Search code examples
machine-learningkeraslstmautoencoderanomaly-detection

Understand the output of LSTM autoencoder and use it to detect outliers in a sequence


I try to build LSTM model that as input receives sequence of integer numbers and outputs probability for each integer to appear. If this probability is low, then the integer should be considered as anomaly. I tried to follow this tutorial - https://towardsdatascience.com/lstm-autoencoder-for-extreme-rare-event-classification-in-keras-ce209a224cfb, particularly this is where my model is from. My input looks like this:

[[[3]
  [1]
  [2]
  [0]]

 [[3]
  [1]
  [2]
  [0]]

 [[3]
  [1]
  [2]
  [0]]

However I can't understand what I gain as an output.

[[[ 2.7052343 ]
  [ 1.0618575 ]
  [ 1.8257084 ]
  [-0.54579014]]

 [[ 2.9069736 ]
  [ 1.0850943 ]
  [ 1.9787762 ]
  [ 0.01915958]]

 [[ 2.9069736 ]
  [ 1.0850943 ]
  [ 1.9787762 ]
  [ 0.01915958]]  

Is it reconstruction error? Or the probabilities for each integer? And if so, why they're not in the range of 0-1? I would be grateful if someone could explain this.

The model:

time_steps = 4
features = 1

train_keys_reshaped = train_integer_encoded.reshape(91, time_steps, features)
test_keys_reshaped = test_integer_encoded.reshape(25, time_steps, features)

model = Sequential()
model.add(LSTM(32, activation='relu', input_shape=(time_steps, features), return_sequences=True))
model.add(LSTM(16, activation='relu', return_sequences=False))
model.add(RepeatVector(time_steps)) # to convert 2D output into expected by decoder 3D
model.add(LSTM(16, activation='relu', return_sequences=True))
model.add(LSTM(32, activation='relu', return_sequences=True))
model.add(TimeDistributed(Dense(features)))

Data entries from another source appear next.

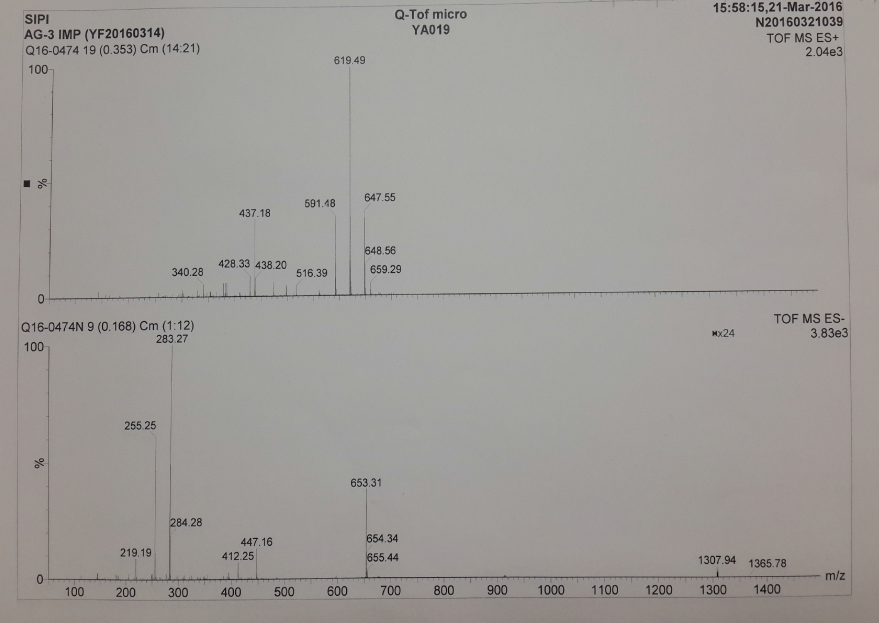求助大神帮忙解析质谱+氢谱+碳谱。。。。母体为下图,其中R无法确定,求大神帮忙啊。。。氢谱与碳谱溶剂为氘代氯仿,所用原料见下图,这个杂质是高温产生的 可能的母体结果.png 氢谱.png 碳谱.png 质谱.png 原料.png |
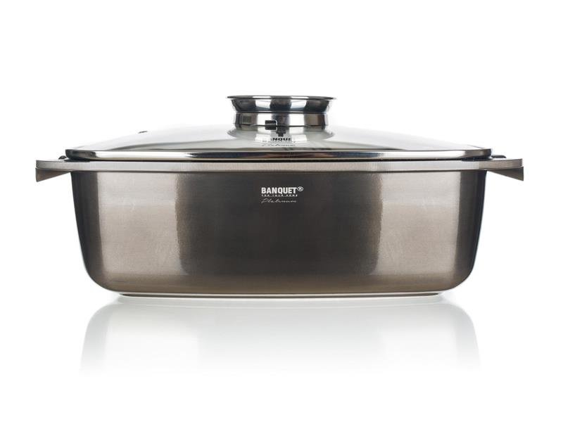Aluminiowa brytfanna ze szklaną termiczną pokrywą i aromatycznym pokrętłem o długości 4 dcm i pojemności prawie 6 litrów. Wysokiej jakości nieprzywierająca powłoka, która jest bardzo odporna nawet na uderzenia, zapobiegnie wszelkim uszkodzeniom fizycznym produktu.
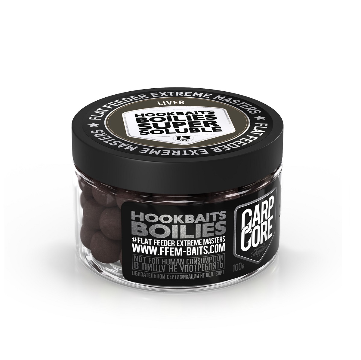 Бойлы Ffem Super Soluble HNV Boilies Liver пылящие 13мм 100гр Печень, в банке
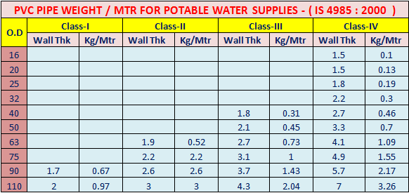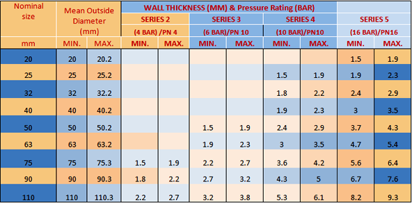 PVC Pressure pipes as manufactured as per IS 4985-2000 , DIN 8062 standards for irrigation sewage water and plumbing pipes with Sizes from 20 mm to 110 mm. We have independent lab facility with all testing instrument to test the pipe manufactured.
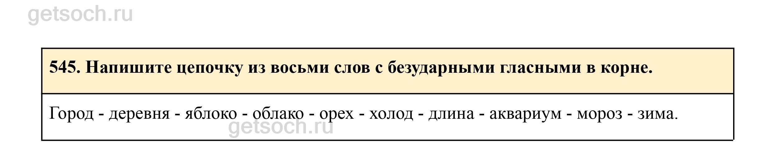 545. Напишите цепочку из восьми слов с безударными гласными в корне.
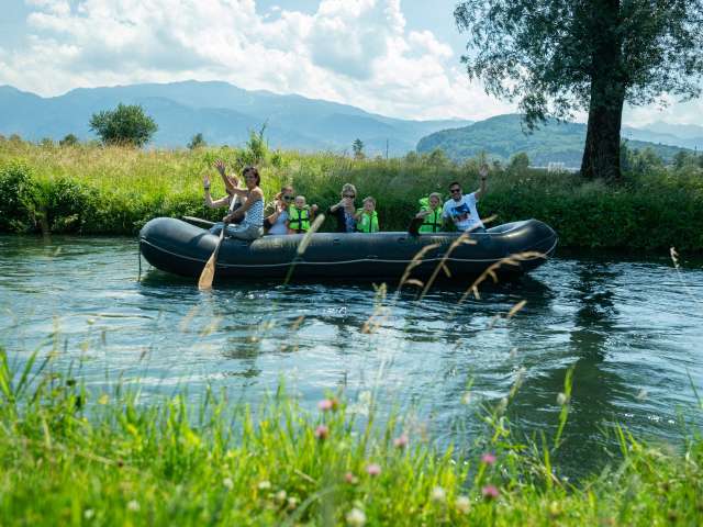 Only the starting point of the journey becomes an experience: kangaroos, cows, chickens, dogs and many other animals greet the guests at the Steigmatt adventure farm in Montlingen. From there you take over the paddle and start the comfortable boat trip on the Rhine Valley inland canal. Due to the weak current in the canal and low water depth the boat tour is suitable for all age groups. During the trip you can have a picnic break on the shore at any time.
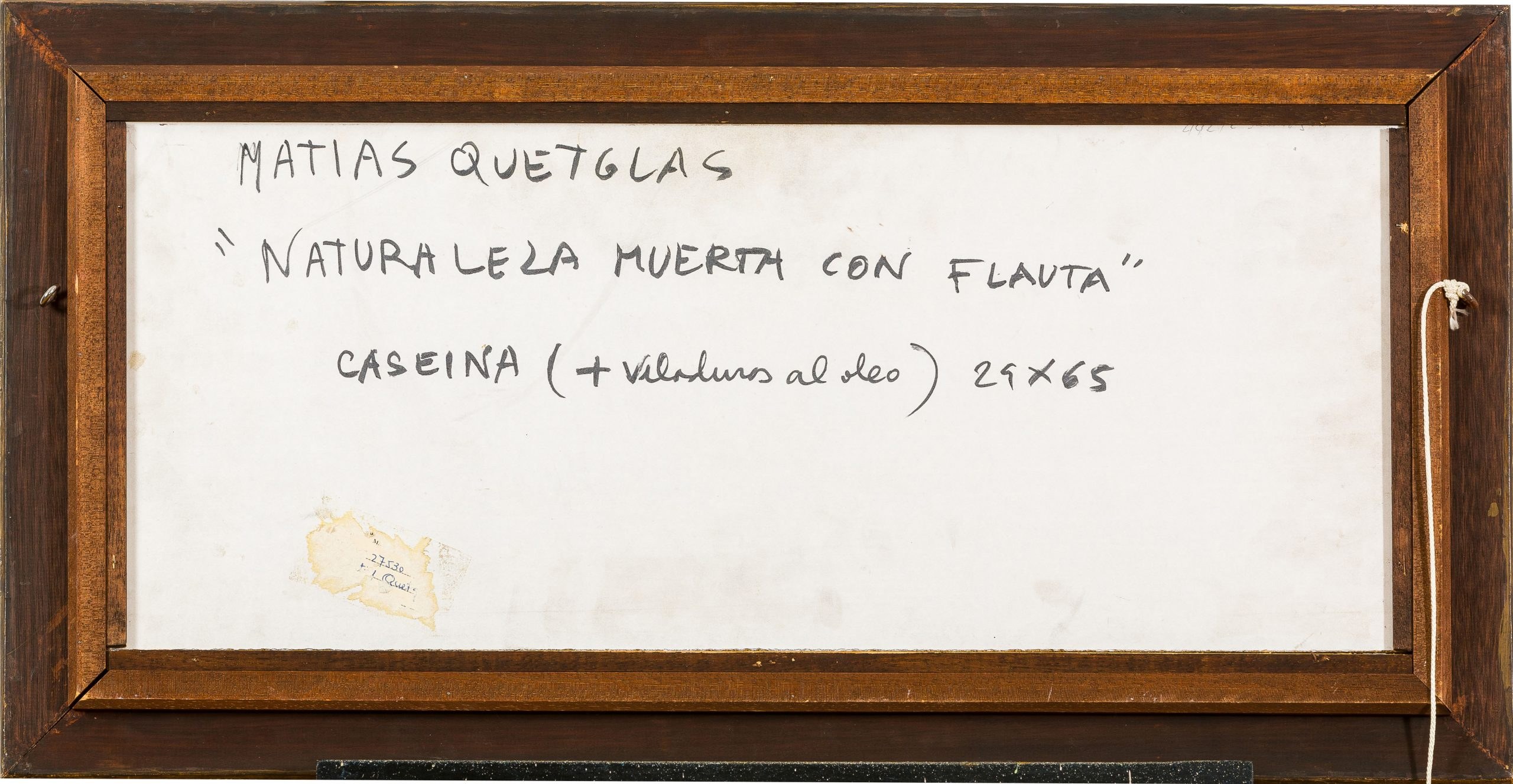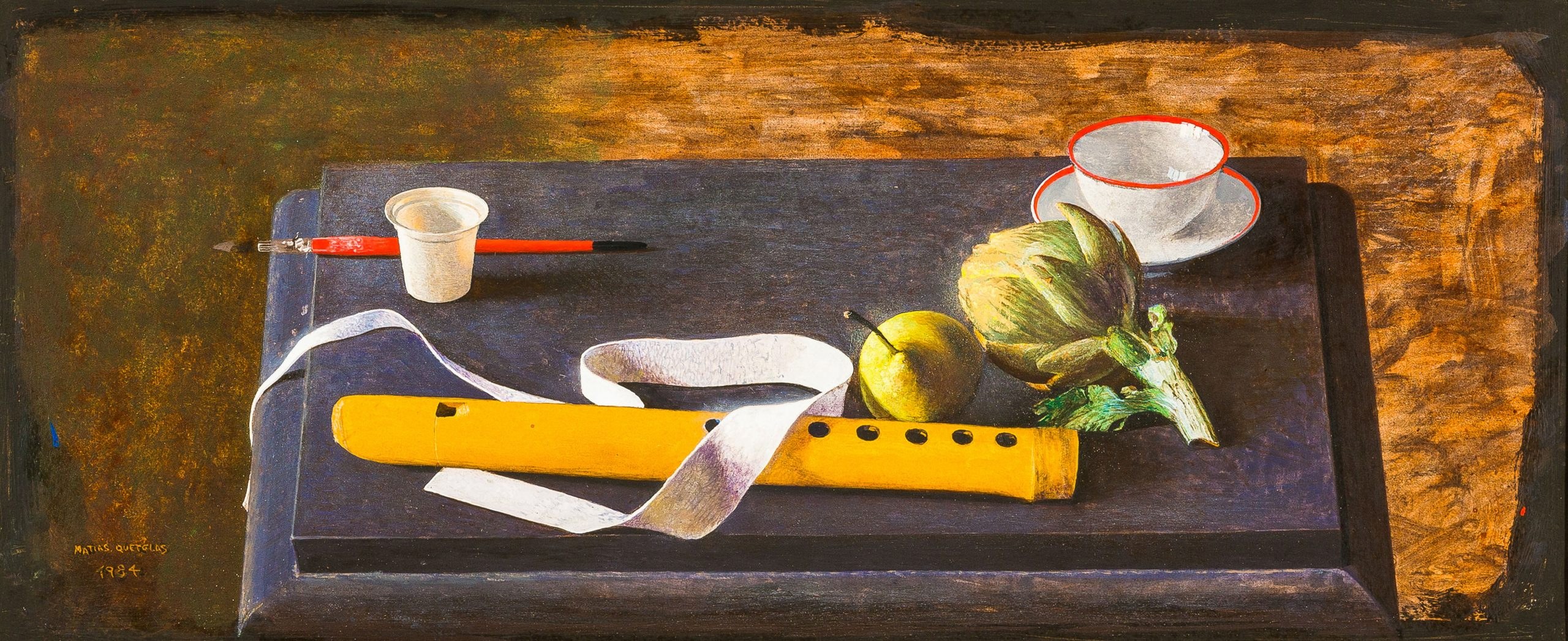 'Naturaleza Muerta con Flauta', acrylic on panel, 29 cm x 65 cm, signed, dated 1984, verso signed, titled

adam = optimizers.Adam(0.0001)
model.compile(loss='mse', optimizer=adam)

model_history = model.fit(train_keys_reshaped, train_keys_reshaped,
                          epochs=700,
                          validation_split=0.1)

predicted_probs = model.predict(test_keys_reshaped) 

Solution

  • As you said it's an autoencoder. Your autoencoder tries to reconstruct your input. As you see, the output values are very close to the input values, there is not a big error. So the autoencoder is well trained.

    Now if you want to detect outliers in your data, you can compute the reconstruction error (Could be Mean square Error between input and output) and set up a threshold.

    If reconstruction error is superior than the threshold it's gonna be an outlier, since the autoencoder is not trained on reconstructing outlier data.

    This schema reprensents better the idea: enter image description here

    I hope this helps ;)